Exactly. I know we can sometimes look down on the power max community, but we aren't being fair or honest about things when we do that. I'm not saying we shouldn't be exploring lower powered cubes because I think they have a lot to offer and the power max community is largely ignoring them, but powered Magic is also fun. And while not really balanced, singleton helps to mitigate a lot of that variance. As long as you are packing a lot of answers to things and avoiding some of the true polarizing "I win" conditions (Time Vault combo let's say), you should have a lot more fun games than bad ones. I've seen virtually every "unwinable" situation end a way you didn't expect. T2 Inkwell has been beaten and that's a great story when it happens. It's also really hard to get T2 inkwell even with all the pieces in your cube. To some extent, difficulty in assembling and then drawing things like that have a way of balancing things because truly degenerate early game scenarios like this cannot be recreated at will in a limited drafting environment.
One time I had a hand with Island Mox Mox Tinker. I had only one Tinker target in my deck which was Sundering Titan (so it goes when you're drafting, believe me I would've taken anything else) and on the draw guess what the first thing I draw is? Sundering Titan. It would've been insane there even only destroying one land, and instead we had a pretty balanced and fair game.
In terms of balance or excluding from a powered cube, there's only three categories I explicitly exclude:
1) Ante cards, as I don't like errata-ing cards even though Contract From Below is insane and would be a top pick if I played Ante.
2) Conspiracy cards, as I like to draft my cube on xmage when possible and they aren't compatible there, even though some Conspiracies are on power-level.
3) Time vault combo, as it's really boring and can take forever to combo off and assembling it is fairly mindless.
Otherwise, it's all fair game. To tie this into why we 'ignore' lower power cubes, there are a few points to address there.
1) When discussing cards, it's a lot easier to be on the same page than it is to make exceptions for every card and why someone is making an argument without having to go 'I run this type of cube and...' There have been instances where people have gotten into spats defending cards that everyone in the argument knows has no business in a powered cube for a variety of reasons, and then they say 'Please note that my cube is a such and such cube and therefore...' and then everyone either feels dumb or like they wasted time arguing shit there was no point in arguing. I think it's fun to see where certain cards fit when they can't fit into an unpowered/powered cube. If I'm trying to debate why I'm running a card vs not running it and we are talking about entirely different environments, then the debate carries less weight and you have to add a bunch of caveats. Some people like that, and that's great, but when Im specifically discussing power cubes I want to specifically be discussing them. It would be like debating on a BMW forum by saying 'well, my Jaguar...' which is adding almost nothing to what it an overall specific subject. And yes, there is a time and a place for those arguments, and there are connections that can be made there, but it's just easier to think powered/unpowered than it is to conceive every possible cube environment out there when discussing a card.
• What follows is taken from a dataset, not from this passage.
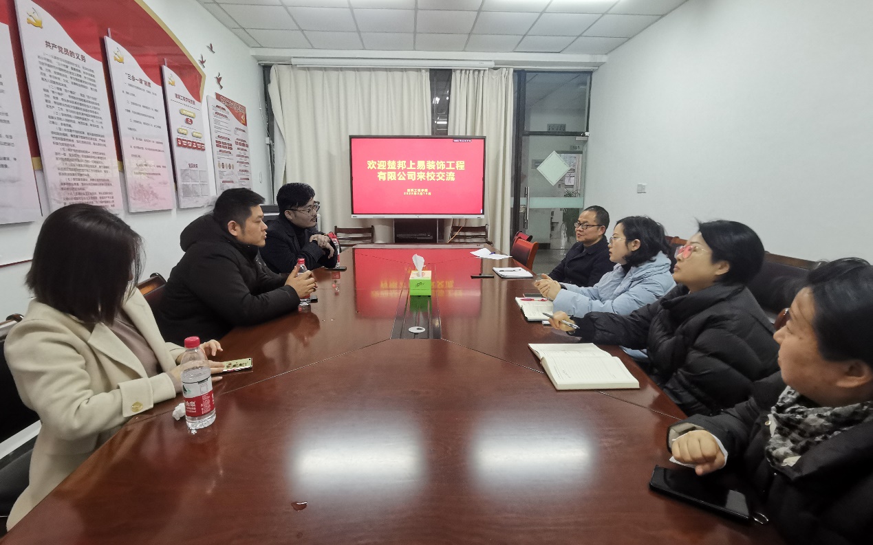 2月13日下午,ok138电子官方网站负责人和建筑装饰工程技术专业员工们接待了来自杭州楚邦上易装饰工程有限公司一行人,就1月11日ok138电子官方网站走访该企业初步达成的协作意向进行深入交流。
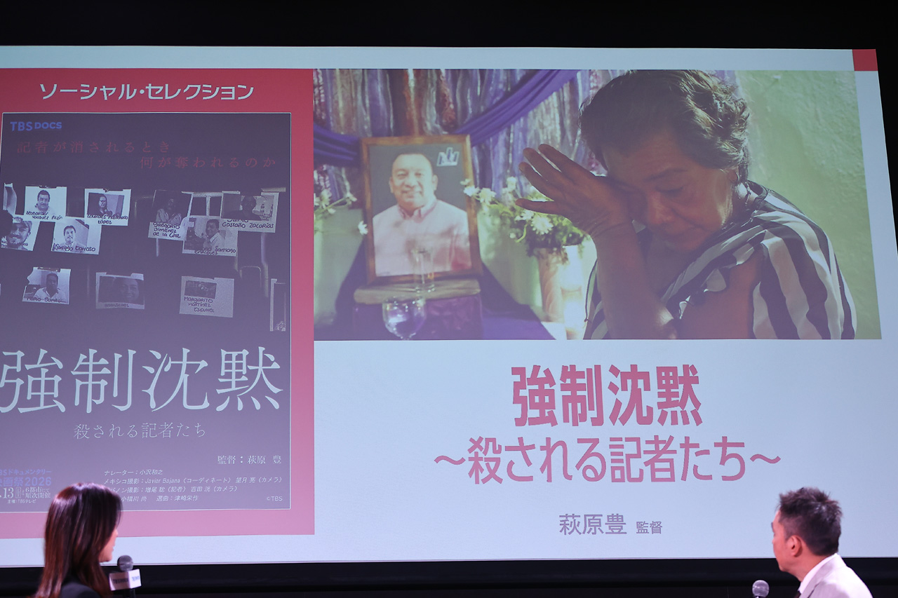 今回16作品が公開。そのなかから自分のオススメを発表するコーナーが開催。小川アナは萩原豊監督の『強制沈黙~殺される記者たち~』を勧める。「タイトルからまずドキッとさせられます。メキシコで踏み込んだ取材をする記者の方々が次々と殺害されていくと。その背景には権力の腐敗と暴走があって……。異国の物語ではあるんですけれど、実際にこうしたことが起きているということにまず戦慄します。そこから記者のみなさんが、それでもペンを持つ手を諦めないで立ち向かっていく。その姿には同じその報道に携わるものとしては、背筋が伸びる思いがしました。私たちの手元に届いている映像の一瞬だったり、文章の一行を持ち帰るために命を懸けた人だっているかもしれない、ということを想像させる映画です。この映画を見終わったあと、ニュースの見方も変わるのではないか。そういうきっかけにして頂けるんじゃないかな、って思う作品です」。

2) That being said, I really don't think lower powered cubes are ignored so much that their exposure is SO MUCH LESS than an unpowered/powered cube. If the majority of people's main experience is the unpowered/powered environment (which it is, and thank MODO for that), then the majority of debate and discussion will pertain to those cubes. This is less an opinion and more fact, so while I don't love the MODO cubes it's hard to ignore not only how many people are playing them but how few other cubes they play.
3) People who run powered cubes want to do broken things, and that's typically not what lower powered cubes are designed for. Like, you don't throw lotus and sol ring into your cube because you want an environment where explosive things can't happen. And frankly, people who play these cubes and continue to find them cool! Like, I think it's great when T2 Inkwell Leviathan happens, or someone draws a million cards off of Library, or s0meone goes infinite off Time Walk + Witness + Crystal Shard. I can't and won't speak for anyone else, but these types of games are FUN to me as I like the really broken degenerate shit. The stuff I don't like? Mana screw. Mana flood. i.e. the variance that occurs at all power levels of limited.
So yeah, bit of a book there, but I think there's less of an 'ignoring' or 'looking down' aspect from power cubers than implied and more so a 'I know what I like' frame of mind that is really only achieved from running a powered cube.